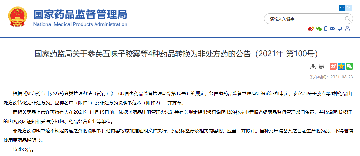 關于參芪五味子膠囊等4種藥品轉換為非處方藥的公告(2021年 第100號)
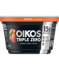 Oikos Triple Zero Greek Nonfat Yogurt gives you all the flavor you seek in a Greek yogurt–but with 0 added sugar*, 0 artificial sweeteners, and 0 fat, with 15 grams of protein per 5.3 oz cup. Full of delicious cherry flavor, this Greek nonfat yogurt makes a delicious snack any time of day. It also fits into a healthy lifestyle, providing important nutrients such as calcium, protein, and vitamin D. And for your convenience, Oikos Triple Zero Greek Nonfat Yogurt comes packaged in single-serve cups, perfect for snacking on the go.
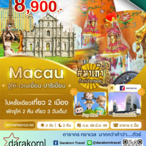 ทัวร์มาเก๊า – มาเก๊า-จูไห่-เวเนเชี่ยน-ปาริเชี่ยน 3วัน2คืน(NX)เดือนมกราคม – มีนาคม 2569
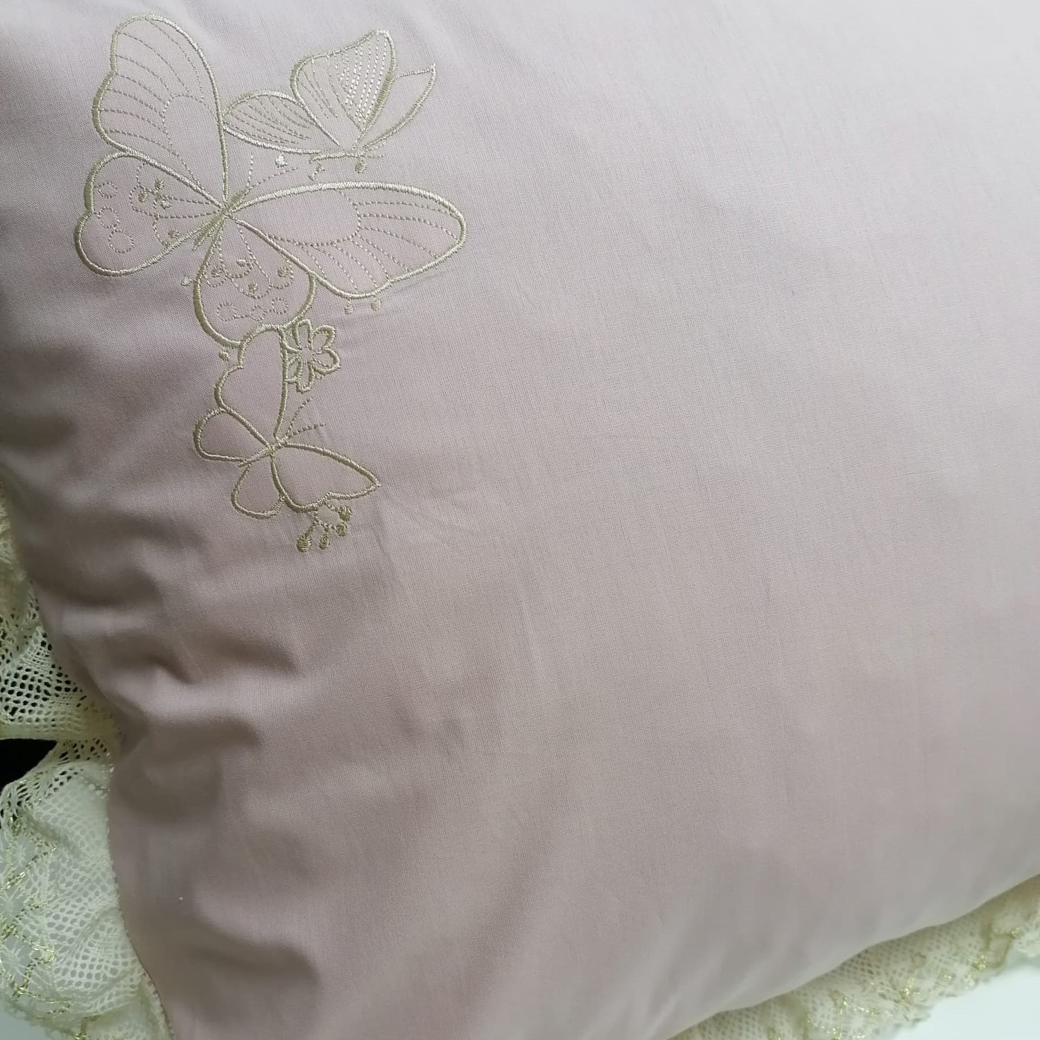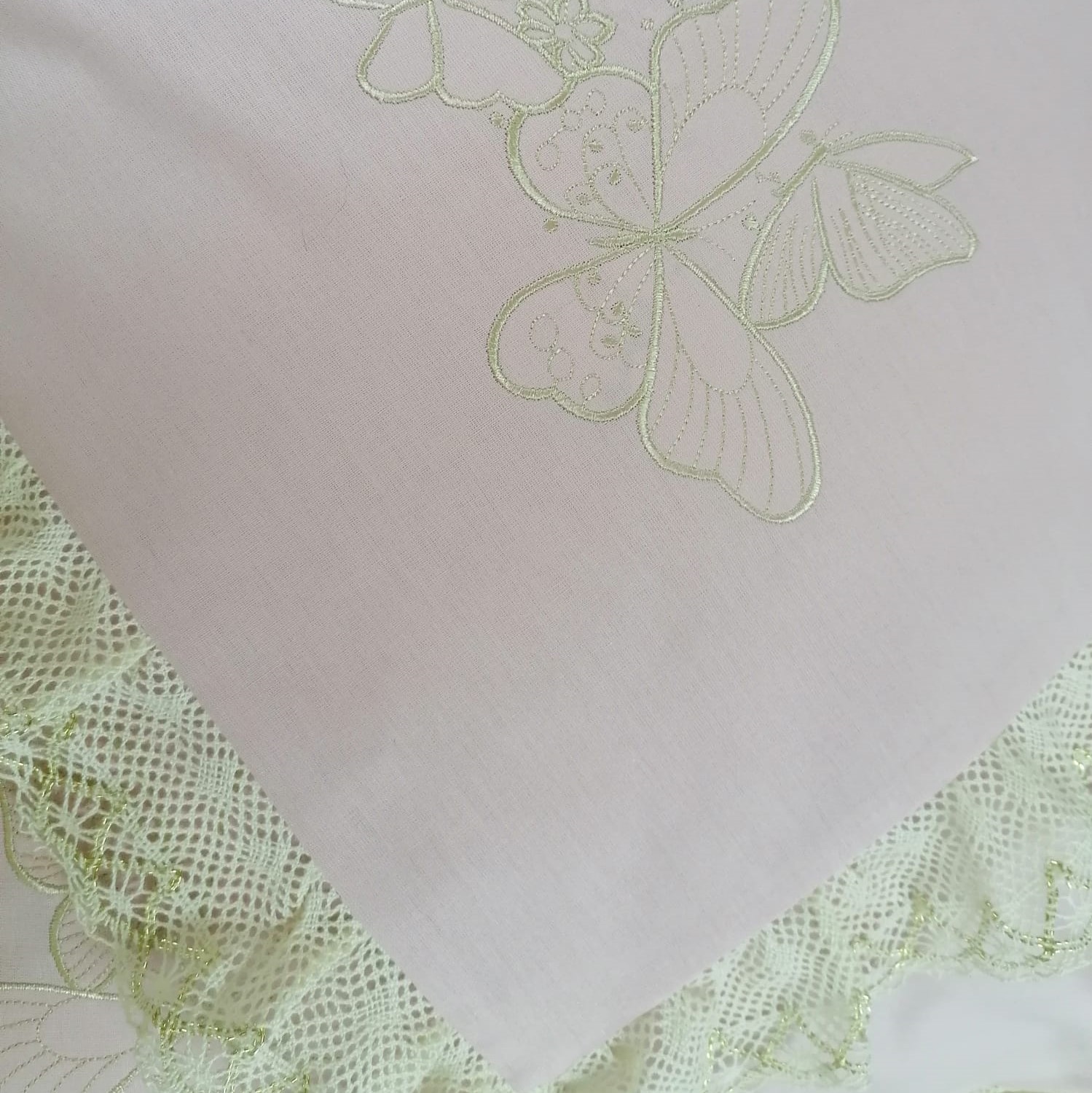 Set 2 Fete de perna cu dantela si broderie, Casa Bucuriei, model Alessia, roz prafuit, bumbac 100%, 40 cm x 40 cm

------------------------------------------------------------

■ **TASK ITEM**
Return the complete material above exactly, with no picture.

■ **SOLUTION BELOW**
 關于參芪五味子膠囊等4種藥品轉換為非處方藥的公告(2021年 第100號)
 Oikos Triple Zero Greek Nonfat Yogurt gives you all the flavor you seek in a Greek yogurt–but with 0 added sugar*, 0 artificial sweeteners, and 0 fat, with 15 grams of protein per 5.3 oz cup. Full of delicious cherry flavor, this Greek nonfat yogurt makes a delicious snack any time of day. It also fits into a healthy lifestyle, providing important nutrients such as calcium, protein, and vitamin D. And for your convenience, Oikos Triple Zero Greek Nonfat Yogurt comes packaged in single-serve cups, perfect for snacking on the go.
 ทัวร์มาเก๊า – มาเก๊า-จูไห่-เวเนเชี่ยน-ปาริเชี่ยน 3วัน2คืน(NX)เดือนมกราคม – มีนาคม 2569
 Set 2 Fete de perna cu dantela si broderie, Casa Bucuriei, model Alessia, roz prafuit, bumbac 100%, 40 cm x 40 cm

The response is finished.